In the past four days I have had a couple of experiences that reminded me why I am so fond of Korea, and one of the things that moving to Korea has meant to me personally.
Last weekend, as my fiancee and I sat in Yongsan Family Park (By the
Korean National Museum, Ichon Station, lines 1 and 4) I was amused to watch a young Korean girl in the middle of the playground. She ignored her surroundings and concentrated on waggling her left arm in the air. She found this intensely interesting, and so did I although I don’t think I would have been interested in doing it myself! In fact, as I watched her work her way around the playground, I noted that she found everything extremely interesting.
This started me watching all the kids in the park, and I noticed they all had remarkable ability to find things new and interesting. The boy who watched a bug intently for 10 minutes, then sprang up to chase a dog, could go back to the very same bug with the very same intensity as he had the first time he observed it (ok, the first time he poked it with a stick, he was a young boy after all).
I forgot about this until yesterday, when two things happened. First, as I was running through my daily blog list, I came across a blog that quoted the movie, Knocked Up (which I have never

seen) in which two characters watch children playing in a park.
PETE
What's so great about bubbles?
BEN
They float. You can pop them. I mean, I get it. I get it.
PETE
I wish I liked anything as much as my kids like bubbles.
BEN
That's sad.
PETE
It's totally sad. Their smiling faces just point out your inability to enjoy anything.
Second, as I walked home and enjoyed the coolish autumn air and the spectacular foliage in and around Namsan Park, I settled in behind an older man, probably in his 60s. He walked along, but it was clear he wasn’t going anywhere, at least not in a hurry.
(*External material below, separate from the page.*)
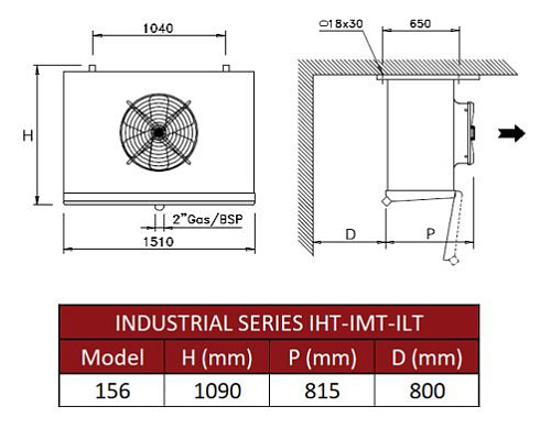 Воздухоохладитель Thermokey Industrial 22,5 кВт, R404a, SC2 (-8/∆8), 1х560мм, IHT 156.410

He kicked at pebbles, he “high-fived” low hanging leaves, every once in a while he stopped to examine some small thing on the ground. When the sidewalk leveled off, before ascending to the Hyatt Hotel, he pulled a very thin, dead branch out of the bushes, yanked off the smaller end so that the switch was approximately cane-lengthened, and then swept up the hill like D’artagnan, poking and prodding at things in the bushes, waving the switch in front of himself, and pushing things (very small things) around on the sidewalk. I thought to myself, “what a great day, and what a great model for enjoying it.”

These three happenings, and the excellent mood I was in, crystallized something I like about children, about Korean society, and about what moving to Korea has done for me. Almost all children and much of Korea, is able to find pleasure in the smallest things, and they are able to find that pleasure again and again. I’m not sure I’ve met a jaded Korean.
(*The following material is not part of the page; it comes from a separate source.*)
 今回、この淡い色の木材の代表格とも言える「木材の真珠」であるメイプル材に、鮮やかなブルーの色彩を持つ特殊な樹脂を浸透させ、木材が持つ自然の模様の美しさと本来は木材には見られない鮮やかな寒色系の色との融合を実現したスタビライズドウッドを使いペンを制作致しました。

Coming to Korea has restored this semi-childlike wonder in me. I had spent the last few years in the US weaving together banded bits of thread into something that throttled my ability to have spontaneous fun; there was always some important thing to do, or some way I had to act, and, at least where I was, there was no culture of spontaneous fun. In Korea, I was able to turn much of this around.
Part of it, of course, is that all of Korea was new to me when I arrived. So it was easy to be enthralled by the differences. This is one reason that people travel, you are a passport and a ticket away from a quick and easy return to a state of wonder. But another part of it is the spontaneous (a word expats often don’t associate with Korea) public culture that breeds the opportunities to have fun and new experiences. I think back to my hike up Bukhansan and the family that shared food with us (and others) and the climber who insisted I toast my summitting with Makkeoli. This kind of experience may happen disproportionately to foreigners, because we are so obvious, but I see it everywhere I go. Finally, there is also what I interpret to be (although it might be something else entirely) the Korea solipsism (I mean that in the good sense of the word) that allows Koreans in public, to ignore others and do their own things.
All of this has combined, for me, into an opportunity to reconnect with the little kid inside of me. Who knew he had emigrated to Korea?